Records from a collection
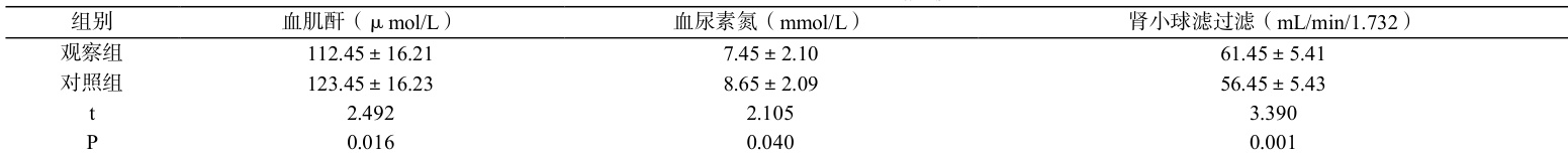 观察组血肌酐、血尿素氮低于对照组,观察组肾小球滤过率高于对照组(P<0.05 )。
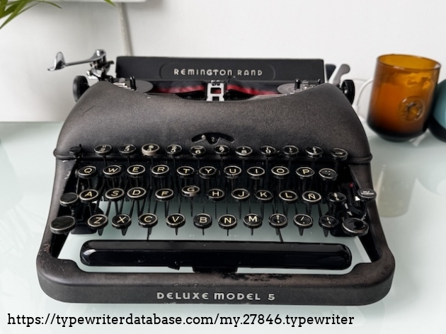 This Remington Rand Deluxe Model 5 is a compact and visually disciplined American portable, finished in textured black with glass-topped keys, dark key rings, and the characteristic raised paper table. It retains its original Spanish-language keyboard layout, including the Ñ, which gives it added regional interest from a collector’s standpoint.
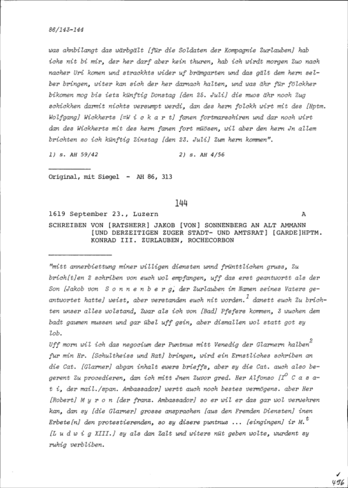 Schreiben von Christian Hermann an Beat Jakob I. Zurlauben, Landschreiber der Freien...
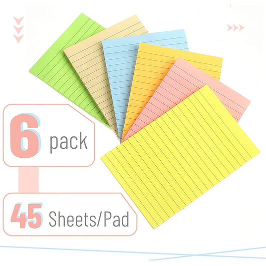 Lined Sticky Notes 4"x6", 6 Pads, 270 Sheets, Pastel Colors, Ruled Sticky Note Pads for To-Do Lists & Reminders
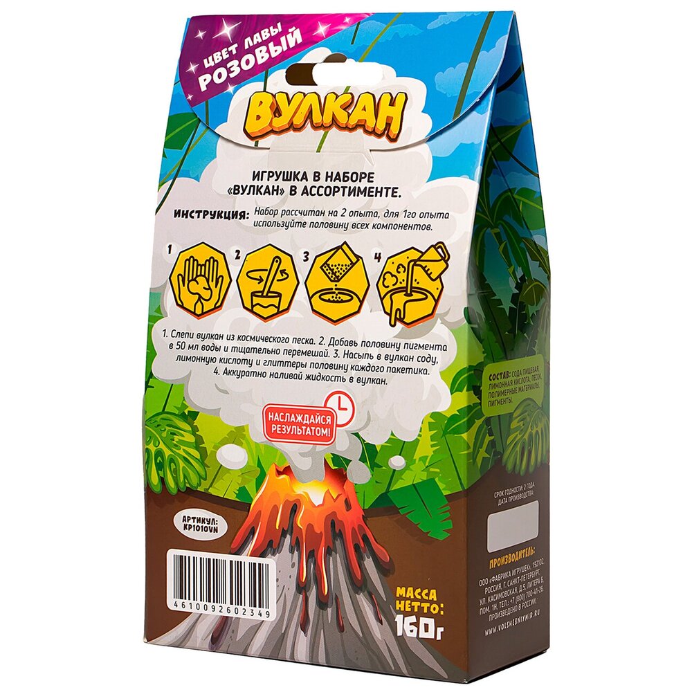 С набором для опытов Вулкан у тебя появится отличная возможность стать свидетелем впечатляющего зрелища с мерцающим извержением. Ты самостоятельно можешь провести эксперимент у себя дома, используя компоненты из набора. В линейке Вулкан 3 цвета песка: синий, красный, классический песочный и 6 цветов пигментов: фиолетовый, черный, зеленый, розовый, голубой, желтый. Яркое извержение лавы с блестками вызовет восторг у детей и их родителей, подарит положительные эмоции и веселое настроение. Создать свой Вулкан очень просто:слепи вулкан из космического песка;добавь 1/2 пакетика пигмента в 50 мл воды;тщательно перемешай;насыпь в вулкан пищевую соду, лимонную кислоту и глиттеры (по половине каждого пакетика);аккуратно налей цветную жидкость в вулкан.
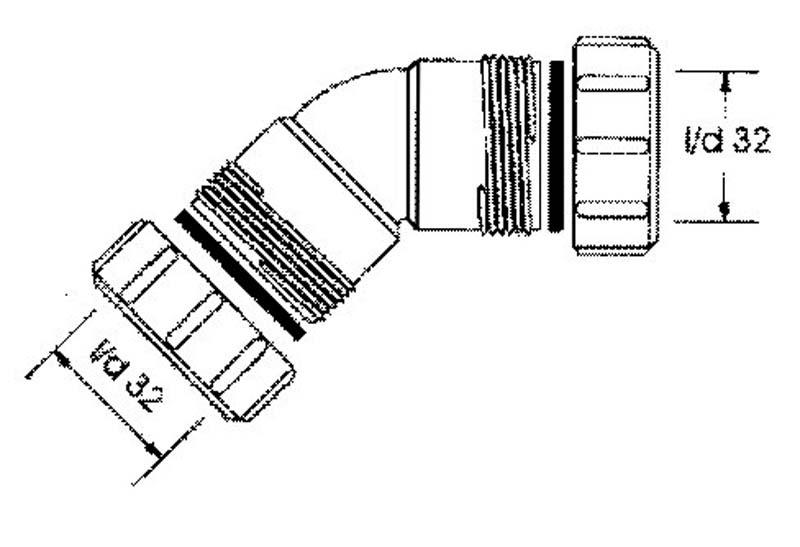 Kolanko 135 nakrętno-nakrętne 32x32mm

*ACTIVITY:* With the pictures left out, restate word for word every line of the data above, from the first down to the line that contains "This Remington Rand".

*SOLUTION:*
 观察组血肌酐、血尿素氮低于对照组,观察组肾小球滤过率高于对照组(P<0.05 )。
 This Remington Rand Deluxe Model 5 is a compact and visually disciplined American portable, finished in textured black with glass-topped keys, dark key rings, and the characteristic raised paper table. It retains its original Spanish-language keyboard layout, including the Ñ, which gives it added regional interest from a collector’s standpoint.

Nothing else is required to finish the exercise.